= Tripartite Accord (Lebanon) =

The Tripartite Accord (الإتفاق الثلاثي) of 1985 was a short-lived agreement between the three major Lebanese feuding factions, signed in Damascus, Syria, to end the Lebanese Civil War. The agreement allowed a Syrian peace-keeping military presence in Lebanon to separate the factions and gave Syria strong influence over Lebanese matters.

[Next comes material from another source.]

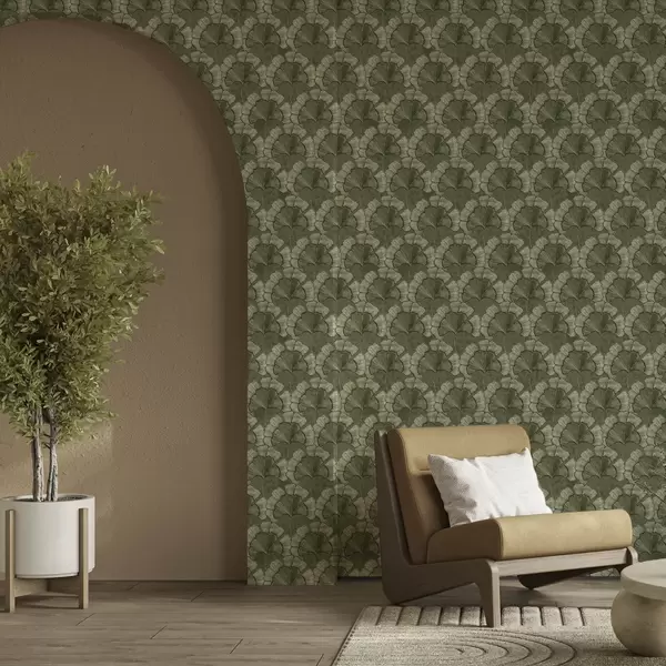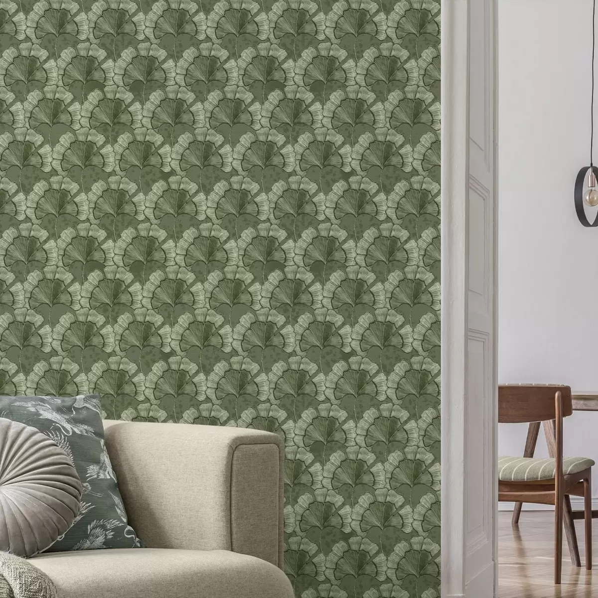 Ταπετσαρία Γραφικό μοτίβο με γκίνγκο σε δροσερή πράσινη παλέτα Nr. a00709

The three factions concerned were the Shia Amal movement, the Druze Progressive Socialist Party and the Christian Lebanese Forces (LF). The accord was signed on December 28, 1985, by Nabih Berri, Walid Jumblat, and Elie Hobeika on behalf of the three militias, respectively. As part of the agreement the parties pledged to disband their militias within 12 months.

== Aftermath ==
Some Christian politicians and clergy criticized the accord for giving Syria power over Lebanon and for weakening the Christian community. Elie Hobeika signed for the LF as its president, but the LF command council was split on whether he could and whether to accept the accord. In particular, the LF chief of staff Samir Geagea was opposed to the accord. The situation deteriorated into the violent Geagea-Hobeika Conflict, resulting in Hobeika fleeing on January 15, 1986. Samir Geagea and Karim Pakradouni took over the Lebanese Forces.